Deloitte boss looks to set up Scottish digital hub
Steve Williams, who started in the role in March this year, hopes to start work on the venture shortly and build up a team of software engineers and digital specialists over the next 18 months.
Deloitte already employs 850 across Scotland from its offices in Glasgow, Edinburgh and Aberdeen with Mr Williams keen to grow that number.
Mr Williams moved from Leeds to Edinburgh in January, initially to head the accountancy firm’s financial services practice outside of London with a focus on challenger banks.
However, since coming to Scotland, he admitted he had been pleasantly surprised by the vibrant nature of the digital economy. Now, as managing partner, he is keen to add to Deloitte’s digital capabilities in Scotland.
He said: “I think will be absolutely fundamental to what we want to do. I probably wasn’t expecting to see such a vibrant digital technology market space in Scotland so that has been great.
“We are looking at how we organise our business a little bit in terms of perhaps using Scotland as a nearshore for the rest of the UK around digital.
“We do think there is a workforce here around that which is very skilful and we could use that for servicing a number of clients across the UK as a whole.”
Mr Williams indicated a similar scheme has started in Belfast but he is confident Scotland could act as a central base for a number of UK-wide functions.
He said: “It is around having teams who actually help clients develop their own proposition.
“That is about building websites, talking with clients and working with them on how to use digital channels better.
“Things like how to use analytics around that and how to scrape the various data that comes through.
“You don’t have to be in London to do that. We could have a lot of that based in Scotland.”
As well as his plans to boost the firm’s digital ability in Scotland Mr Williams is keen to increase the number of women in senior positions.
He believes a range of areas could by improved in order to retain females at all levels.
He said: “There are more things we could to facilitate more women to stay and move through to leadership positions.
“It is the right thing to do but also about having a better mix of views around the table.

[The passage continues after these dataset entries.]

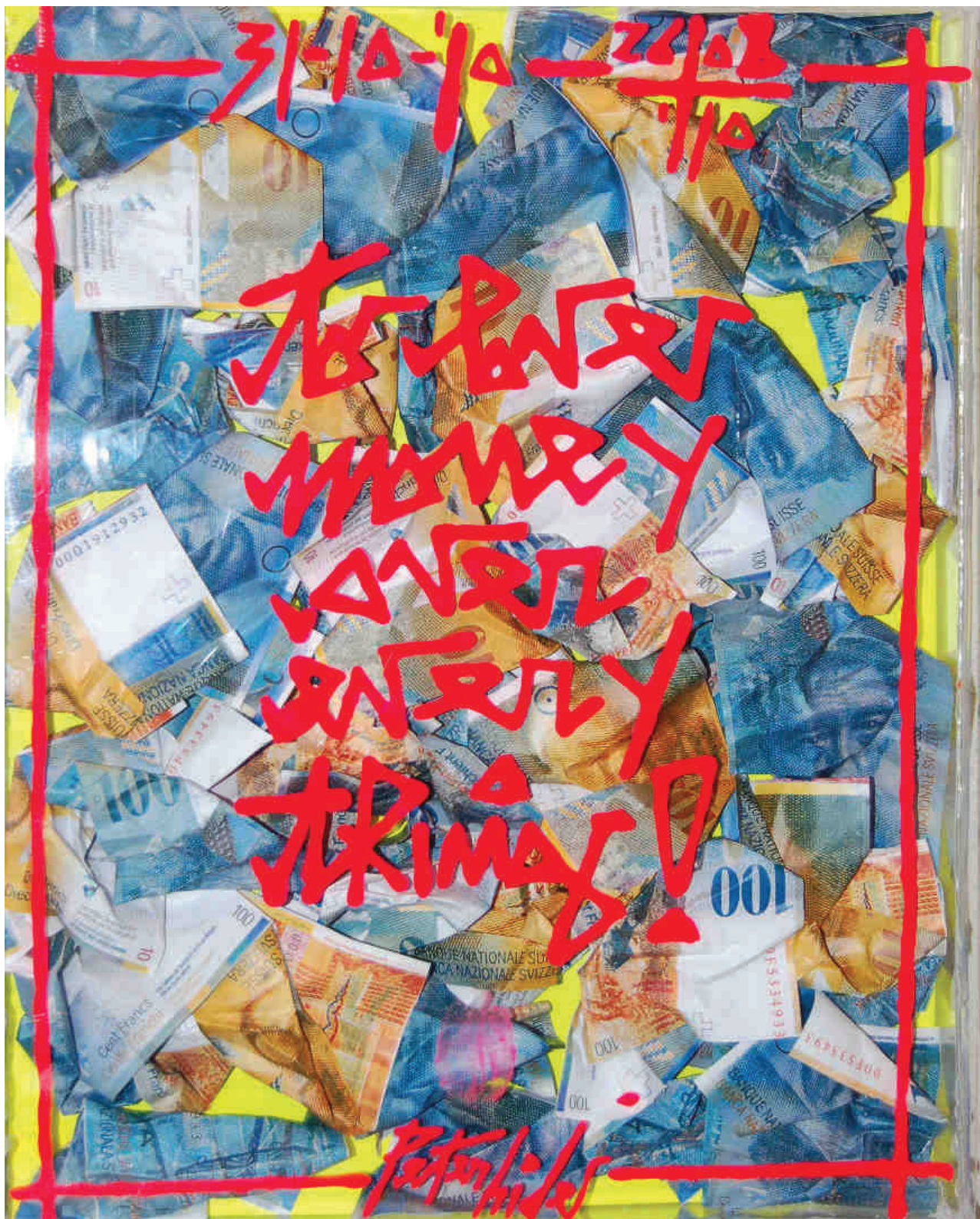
“To love money over everything!” tecnica mista e banconote su tela cm. 35 x 25 x 4

I suoi lavori sono trattati dalla galleria Orler-Artetivulab per l'Italia, da Saatchi-on line per il mercato Americano, da Infantellina Gallery-Berlino per la Germania.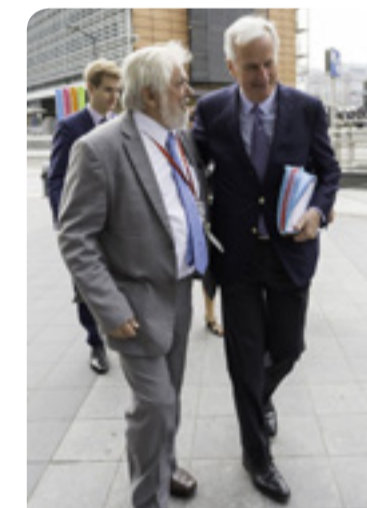
Michel Barnier , negociador principal de la UE para el brexit , con Georges Dassis , presidente del CESE

Todos manifestaron estar de acuerdo en que, aunque el brexit es importante y asegurar un buen acuerdo redundará en interés de la EU-27 y el Reino Unido, lo más importante es el futuro de Europa. «Tenemos que concienciar a los ciudadanos de las innumerables ventajas que reporta su pertenencia a la UE. El brexit ha puesto de manifiesto muy claramente que muchos ciudadanos no son conscientes de que estas ventajas se deben a ser miembros de la UE. En el Reino Unido, muchos ciudadanos están empezando a cobrar conciencia de este hecho. Ahora corresponde a las partes interesadas europeas hacer que la EU-27 sea más fuerte y cohesionada. El CESE está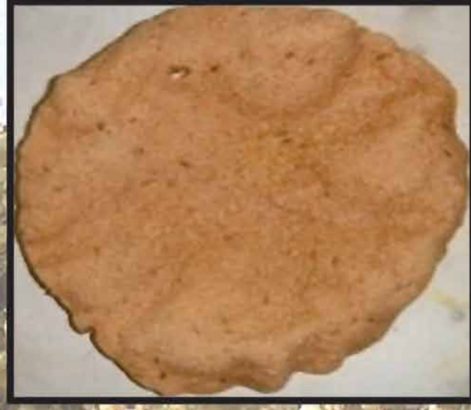
पापड / Papad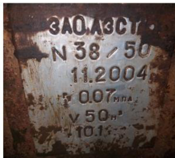
Рисунок 6 – Маркировочная табличка и горловины резервуара РГС-50 зав.№ 38/50

Пломбирование резервуаров РГС не предусмотрено.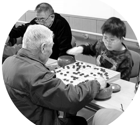
小学生を含め63人で第23回囲碁大会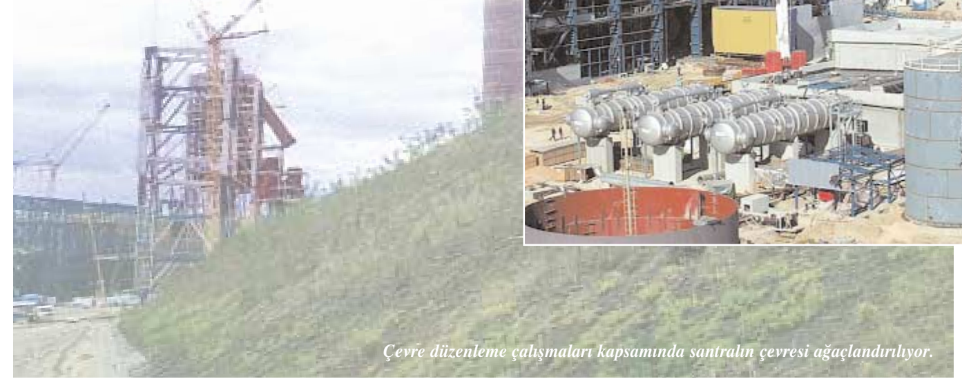
Çevre düzenleme çalışmaları kapsamında santralin çevresi ağaçlandırılıyor.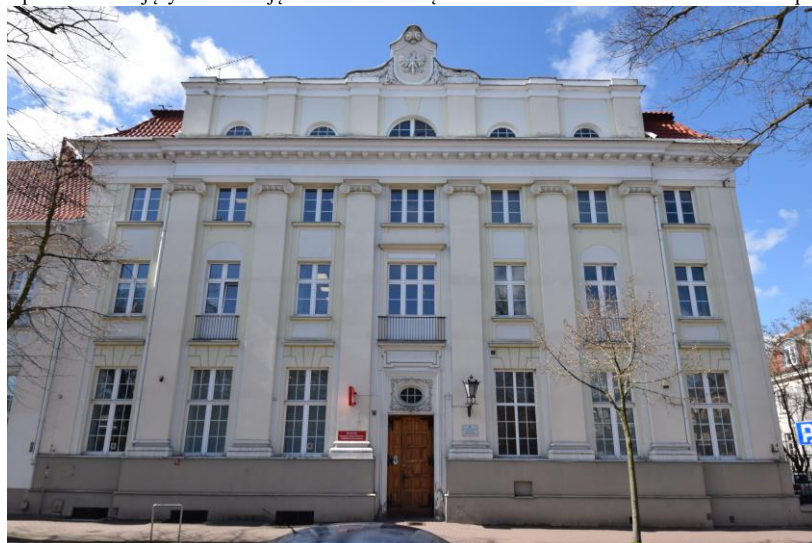
widok w kierunku zachodnim

7. Fotografia z opisem wskazującym orientację w stosunku do sąsiednich terenów lub stron świata albo mapa z zaznaczonym stanowiskiem archeologicznym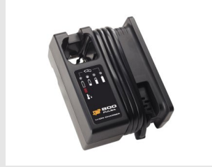
Eurocode 018482 CHARGEUR PULSA 800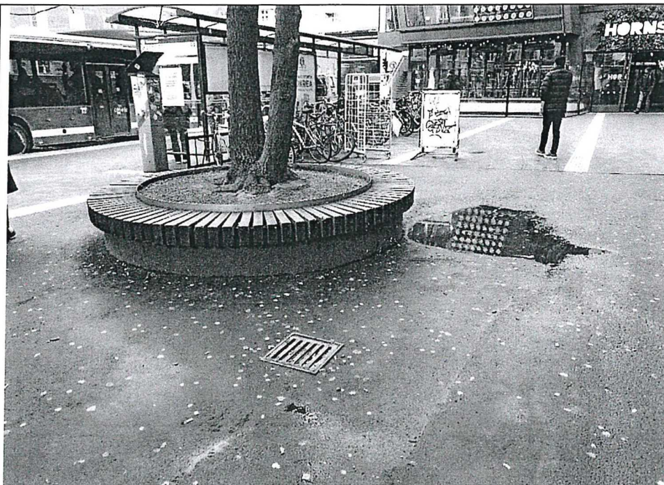
Befintligt träd som vuxit sig för stort för platsen samt med uppträngande rötter i beläggningen (tillfälligt lagad yta med asfalt). Dagvatten- och luftningsbrunnar med bristande funktion.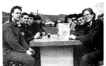
Man zeigt sich auf dem Titelblatt des PIONIER.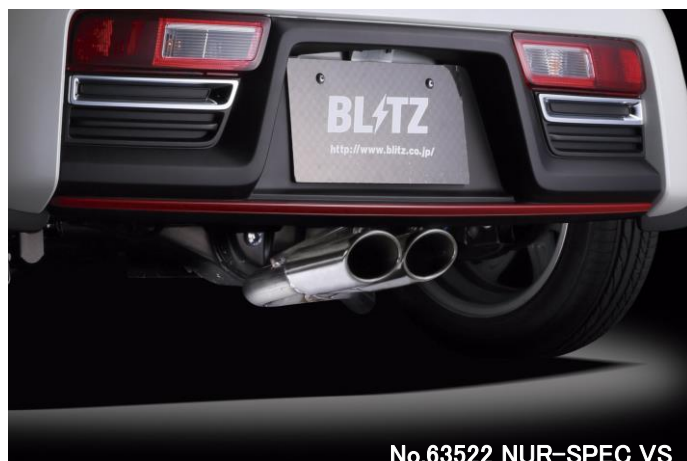
No.63522 NUR-SPEC VS

※1: マフラー地上高について エキゾーストシステム装着時、交換部分と路面とのクリアランス が一番小さい部分を記載しています。基本的には、ノーマル車 高時のデータを記載していますが、車両個体差のため記載デ ータと異なる場合があります。予めご了承下さい。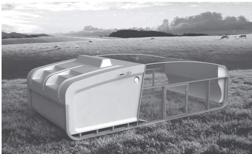
FIGURA 2. Perspectiva Implantada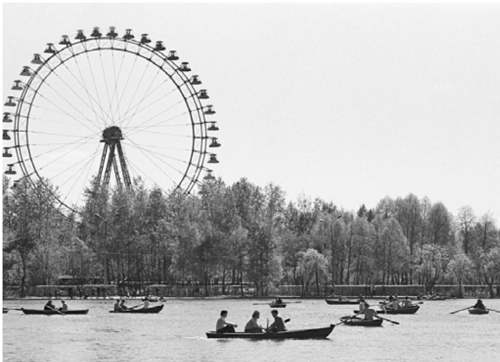
Наум Грановский ЦПКиО им. Горького. Вид на пруд и колесо обозрения. 1965

Многое из того, что Грановский снимал в 50-е – 80-е годы уже не существует: снесены гостиницы «Интурист» и «Россия», не осталось самого большого в СССР открытого бассейна «Москва» и любимого многими колеса обозрения в Парке Горького. Более ста работ автора, представленных на выставке, покажут, как менялась столица и развивалась советская архитектура на протяжении шестидесяти лет. Это позволит зрителям не только вспомнить о забытых страницах в истории города, но и оценить то, что мы теряем на глазах сегодня.

“I want to make sure our partnership reflects and represents what our clients look like. That is about having international experience and a greater gender diversity in terms of our senior leadership team.”
Along with those ambitions Mr Williams is in the early stages of adding a dedicated food and drink practice to the firm’s existing offerings in areas such as financial services, oil and gas, the public sector and private client offerings.
He indicated he has one partner already lined up to lead the food and drink team and said: “We are just thinking about how we can put a proposition together.
“We cover through people who have expertise but we think we might be able to turn it into more of an industry group.
“My expectation is that will be a growth area for the Scottish economy around high quality food and drink.”
Alongside that Mr Williams is keen to grow the firm’s private client practice which looks after a number of privately owned businesses of varying sizes in Scotland.
He pointed to its work with the likes of travel search engine Skyscanner and fantasy sports game maker FanDuel as examples of working with businesses with high growth potential from a relatively early stage.
Mr Williams said: “There are different services we can provide at different stages of incubation.
“We do have a number of smaller audit clients but they are normally clients where, quite frankly, we expect them to be growing very fast and think they will need help as they change and develop.
“We have clients that are smaller than in the taxation and other advisory areas. That can work in what types of value can we add.”